Figure 5.1 The ADDIE model

The ADDIE model is scalable to all size pharmaceutical, biopharm, and medical device companies. The model can be scaled to various size organizations, and can be fitted to the particular needs of a specific department within the organization on a case-by-case basis, or by an overall decision. As an example of a particular case, once a problem has been identified, investigated, and subjected to a CAPA plan, the decision may be made in the Analysis phase of the ADDIE model to forego the needs analysis of employees’ skills and dispositions – these attributes may be well-known and documented, requiring no further analysis. Thus management makes the decision to limit the Analysis phase to a task analysis, that is, to the tasks that have been revised and must be integrated into the learning plans of the affected personnel.

As another example, management may make the overall decision to forego Pilot Implementation – and the associated Formative Evaluation – and roll out the program directly. In this instance, the Implementation phase is followed by Summative Evaluation. In both examples, it is a management decision to save costs by limiting the ADDIE model.1

The Analysis phase of the ADDIE model identifies a training issue such as a performance gap, a discrepancy between a standard stipulated in a standard operating procedure (SOP) and some employee performance. The performance gap can be addressed by a training program (i.e., a set of training and assessment materials, a qualified trainer, and a training audience).

This is followed by the Design phase of the ADDIE model, where a carefully planned approach to addressing the performance gap is outlined and approved. This planned approach has three components:

1. fitting the proposed training program (or module) into the larger training curriculum;

2. outlining the proposed training module; and

3. securing management approval of the outlined training program.

If management approves the proposed design, the Development phase of the ADDIE model comes next, where the training program – the training materials and the assessment materials – is developed to address the performance gap.

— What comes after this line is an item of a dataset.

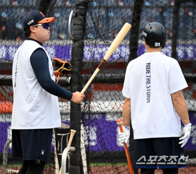 3일 대전 한화생명볼파크에서 열린 NC와 한화의 경기, 한화 류현진이 타격훈련 중인 손아섭과 이야기를 하고 있다. 대전=허상욱 기자wook@sportschosun.com/2025.09.03/ 3일 대전 한화생명볼파크에서 열린 NC와 한화의 경기, 한화 류현진이 타격훈련 중인 손아섭과 이야기를 하고 있다. 대전=허상욱 기자wook@sportschosun.co

To anticipate, this is the point where the program improvement model and the ADDIE model diverge from one another. While the Development phase is followed by the Implementation phase in the ADDIE model, there are two paths out of the Development phase in the program improvement model. One leads to Pilot Implementation; the other leads to Final Implementation. In turn, Pilot Implementation leads to Formative Evaluation, while Final Implementation leads to Summative Evaluation (Figure 5.2).

image

Figure 5.2 The two paths from the development phase

This chapter will examine the three components of the Design phase in turn, focusing attention on an illustrative example of a training module.

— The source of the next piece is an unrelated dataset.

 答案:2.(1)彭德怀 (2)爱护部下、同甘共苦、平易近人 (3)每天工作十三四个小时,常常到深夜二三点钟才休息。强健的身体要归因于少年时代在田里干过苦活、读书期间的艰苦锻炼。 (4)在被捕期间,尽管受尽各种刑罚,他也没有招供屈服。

5.2 The training module in the larger curriculum

Fitting the proposed training module into the larger curriculum ensures the articulation of this module with all other training modules, and the alignment of this module with organizational goals. There are four aspects to this “fit:” the structure of modules; the relationship between the training module and the associated SOP; reducing training modules by consolidation of SOPs; and the relationship between training modules and various regulatory requirements (e.g., FDA, OSHA, EPA, DEA, etc).

The structure of modules: The larger curriculum is comprised of a set of modules that focus the training effort on accomplishing organizational goals. The Design phase is where the fit between the proposed training module and the larger curriculum is delineated. This means outlining the structure wherein the training module will fit. Each module includes two training elements, an Overview Training element and one or more associated Skills Training elements.2 A module is displayed in Figure 5.3.

image

Figure 5.3 Illustrative training module

In the Design phase, the precise location of the training element – as an Overview Training element or a Skills Training element – is determined. We will briefly review the difference between these two types of elements. Overview Training will be more conceptually focused, while Skills Training will be more task or performance oriented. Concepts tell what a thing is, why it is important; tasks describe how to do something. Concepts provide the “science” for task performance. For example, the tasks involved in sanitizing equipment might be conceptualized as “Reducing the levels of microorganisms and particulates to acceptable limits,” thereby minimizing the risk of product contamination from the equipment.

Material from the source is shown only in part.